Data visualization is about presenting large amounts of information in ways that are universally understandable or easy to approach interpret and spot patterns, trends, and correlations from.
They developed static and dynamic Data visualizations dashboards, focusing on user journey, and provide aid to stakeholders in their Data-driven decision making by helping them visualize various types of Data and the basic storytellers in the world of Data Science,
8. Data specialists
As the name suggests, the basically Data specialists on a certain domain such as ad technology, insurance, financial tech, retail, e-commerce, so on and so forth.
They have a deep specialization of that particular domain. They know how the market and the competition works and hence are crucial in dealing with internal and external stakeholders.
And one of the critical prerequisites, in this case, is domain expertise. generally, defined domain expertise implies extensive knowledge and understanding of essential aspects of a specific field of inquiry.
You also need to possess extreme confidence in your abilities and knowledge of the domain. Again, because you have to convince all the big CEOs and CFOs and CXO position people to take your opinion for their decision-making process.

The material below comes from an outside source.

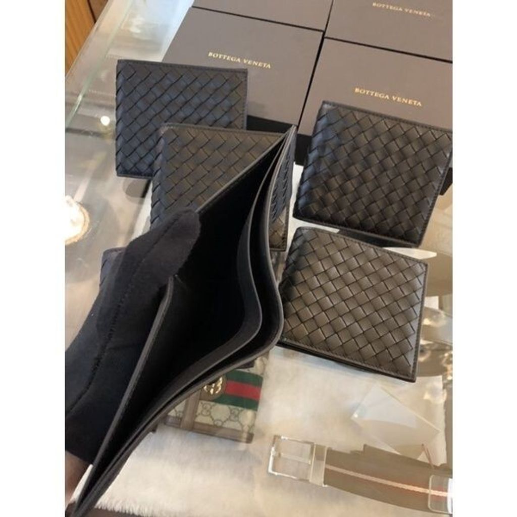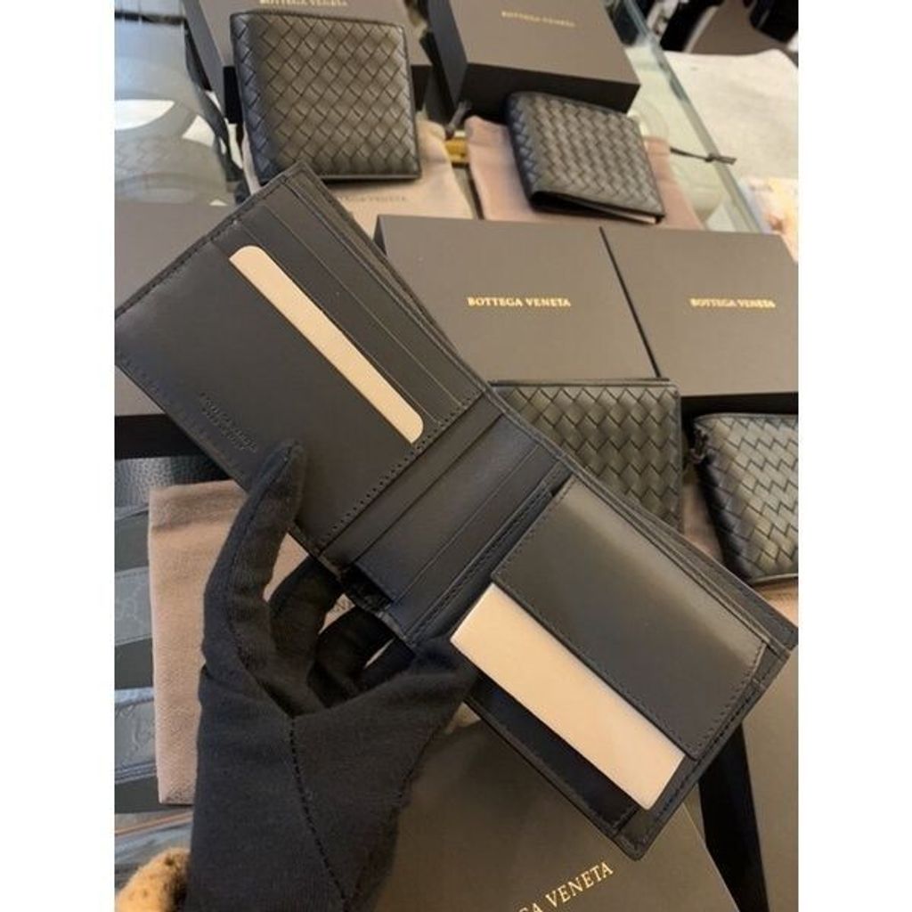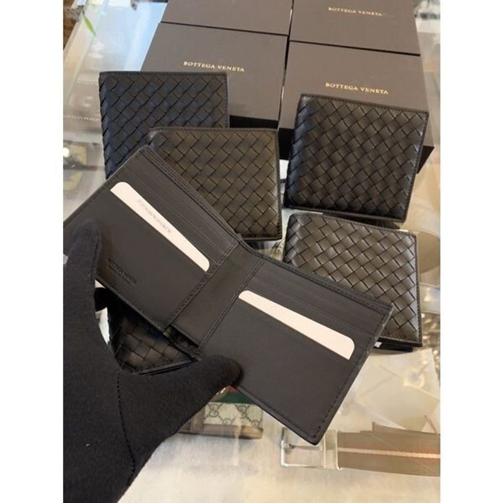 Limit精品✔️ Bottega Veneta BV 經典 小編織 大編織 牛皮 八卡 零錢袋 黑色 男款 短夾 皮夾

Now, they form a very important part of any Data team. They are the ones with the experience of extracting data from a specific market, and hence they have a deeper knowledge of Data-driven decision making in a particular industry that they’re working in.

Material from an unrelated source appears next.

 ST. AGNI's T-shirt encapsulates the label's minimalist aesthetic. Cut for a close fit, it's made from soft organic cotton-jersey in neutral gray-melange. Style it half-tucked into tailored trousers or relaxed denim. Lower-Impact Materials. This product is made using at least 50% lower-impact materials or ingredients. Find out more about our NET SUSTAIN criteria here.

This is also a natural progression, a lot of Data Scientists and Data analysts say along with their career, and hence, this is a really highly paid job role.
9. Data Product Manager
Data Product Manager is to balance strategy, governance, and implementation of anything Data related and facilitate the conversations between all impacted stakeholders, executive engineers, analysts, and other product teams.

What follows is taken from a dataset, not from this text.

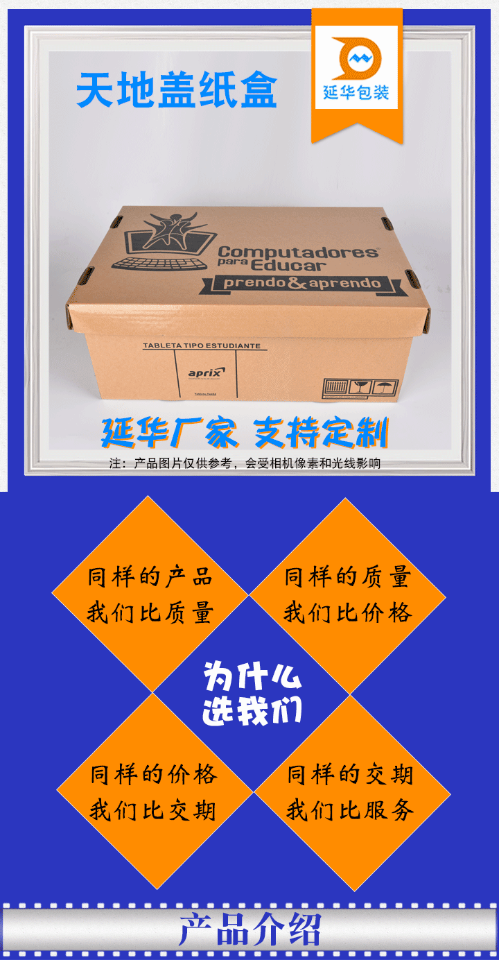 | 天地蓋紙盒的用途: | 產(chǎn)品/商品的搬運(yùn)(保護(hù)產(chǎn)品,方便搬運(yùn)) 可以印刷公司logo(推廣) | |||

Along with external customers who consume the Data. They build a product roadmap, which is consumer-focused, and take care that deadlines are met.
They understand the role of Data in a customer journey from a customer’s perspective and direct the AI or ml enable product engineering to make sure the customer or the stakeholder get their product in time.
The Data Product Manager is responsible for both research planning and product marketing, understanding customer or stakeholder requirements, and defining the product vision.
Working closely with the engineering team to deliver winning products basically encompasses everything that the Data Product Manager essentially does.
1. AI and Ml Specialist
As the name suggests, Artificial intelligence and Machine learning specialist is an umbrella term, which encompasses many different sub-disciplines in the field, such as artificial intelligence, machine learning, deep learning, prediction, algorithms, and models, so on and so forth.
In simple words, these specialists program machines to think like humans have the machine learning model end to end from Data collection to model building to monitoring the model in production and work along with product managers and domain experts, to own the business outcomes and metrics versus the Data science or machine learning model or algorithm drives and define the best practices for the team.
They define prototypes and implement machine learning models and algorithms to create the best product that they can for the organization to thrive, keeping in mind the business requirements of the consumer as well as the organization.
Apart from that, upgrades, tuning, and maintenance of their models is also something that comes in their work scope.
With that, I come to the end of my list of the Top 10 Data science jobs, which are going to completely reshape the future.